New Delhi: India's exports grew by a double-digit pace for the first time in seven months in May, narrowing the trade deficit and setting the ground for easing of restrictions on gold imports.
Exports last month rose 12.4 per cent to USD 28 billion from a year earlier, while imports fell 11.4 per cent to USD 39.23 billion, the Ministry of Commerce & Industry said.
The twin effect led to the trade deficit narrowing to USD 11.23 billion from USD 19.37 billion a year earlier. The gap, however, was wider than April's USD 10.1 billion and at a 10-month high.
According to the Commerce Ministry's data, gold imports, which had in 2013 led to a widening of the trade deficit and consequently a worsening current account deficit (CAD), fell 72 per cent to USD 2.19 billion.

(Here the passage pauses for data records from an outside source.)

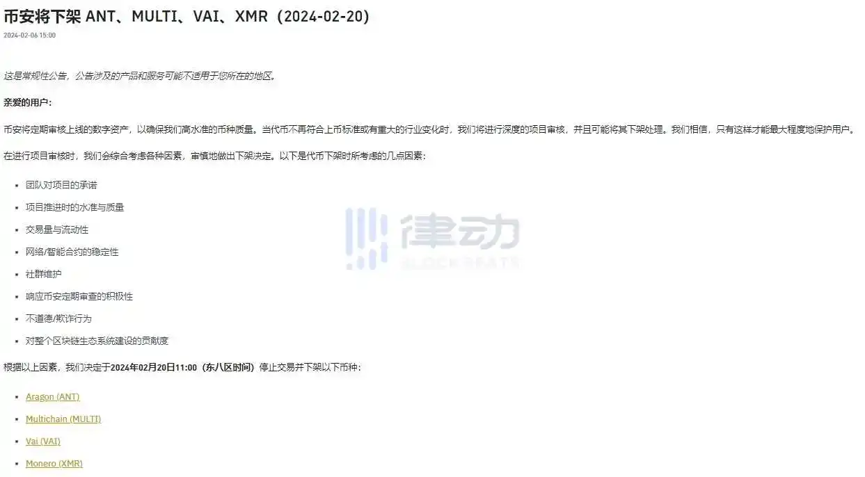 Binance 将于 2 月 20 日下架 ANT、MULTI、VAI、XMR
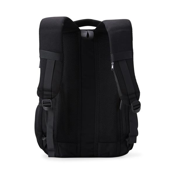 Mochila em poliéster 28 litros com seis compartimentos, sendo o principal com bolso para notebook 15,6 e tablet 12,4. Com divisórias internas para acessórios e porta chave, a mochila possui adaptador USB externo, bolsos laterais telados, duas alças de mãos, área costada e alças para as costas com revestimento espumado. Gravação da logomarca em 1 cor já inclusa.
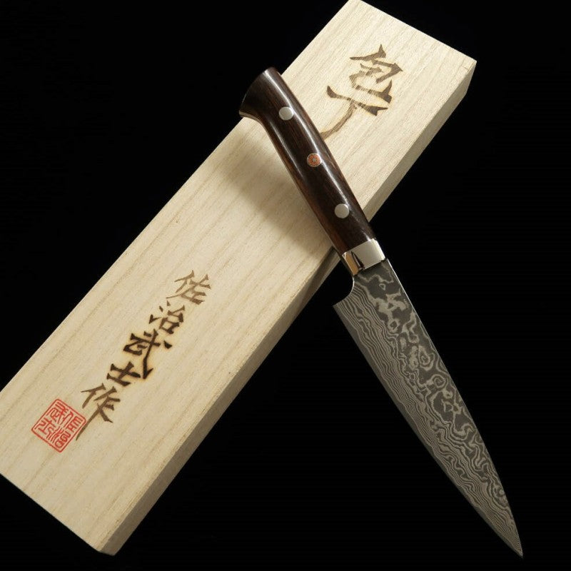 佐治武士 SAJI TAKESHI R2 黒染めダマスカス ペティ アイアンウッド (135/150mm)
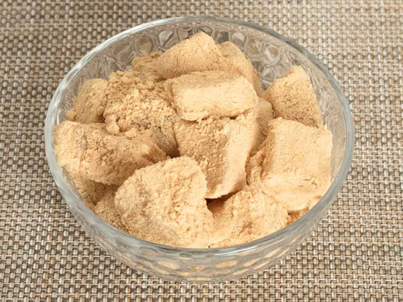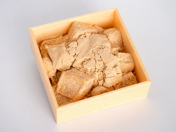 虎屋のわらび餅はパックの中に入っていて、きな粉がたっぷりとまぶしてあります。
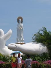 南山海上观音景区很大,要坐电瓶车,因为是住亚龙湾的酒店赠送的门票所以才去的,坐公交过去差不多1个半小时才到,进门之后前段是园林风景,终点是海上观音像,要近距离接触抱佛脚要另付香火钱。
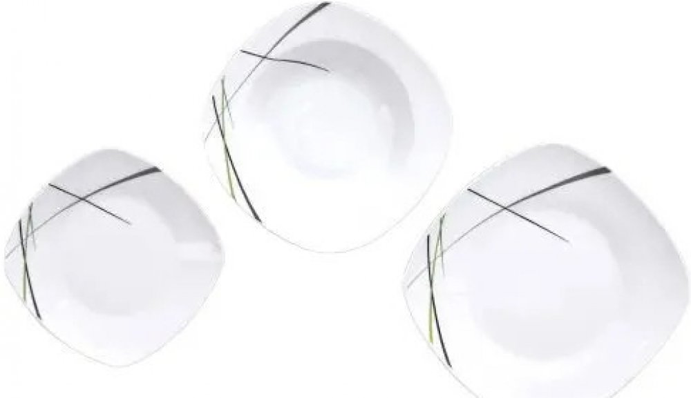 Obsahuje šest dezertních talířů o rozměrech 18,5×18,5 cm, šest mělkých talířů o rozměrech 24×24 cm a šest hlubokých talířů o rozměrech 21×21 cm, které mají po stranách jemný dekor černo-zelené barvy.
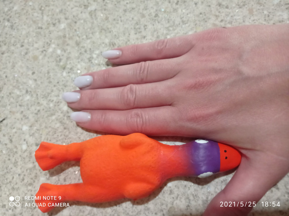 Товар плохой, игрушка маленькая, написано что 14.5см я из интереса измерила 13.2, для крупных пород не пойдёт, моя овчарка ее за час порвала, не советую данный товар, тонкая резина.

Encouraged by the trade data, the Commerce Ministry has asked the Finance Ministry to ease gold import restrictions, which were imposed last year to check the widening CAD.
"It is definitely an encouraging sign," Commerce Secretary Rajeev Kher told reporters here. "If this trend sustains then I am sure we are reviving... It seems that they (export products) are now acquiring their natural levels."
Kher said his ministry was in favour of rationalisation of levies and rules related to gold imports. The government increased the import tax on gold to the current level of 10 per cent.
He said the appreciating rupee was not a factor in the double-digit export growth.
"There is a positive spirit and if this trend continues the next month then I will definitely be saying that there is a revival (in global demand). So, I would like to see the next month also," he added.
Asked about the export target for 2014-15, he said: "We are working towards something like USD 1 billion exports on a daily basis."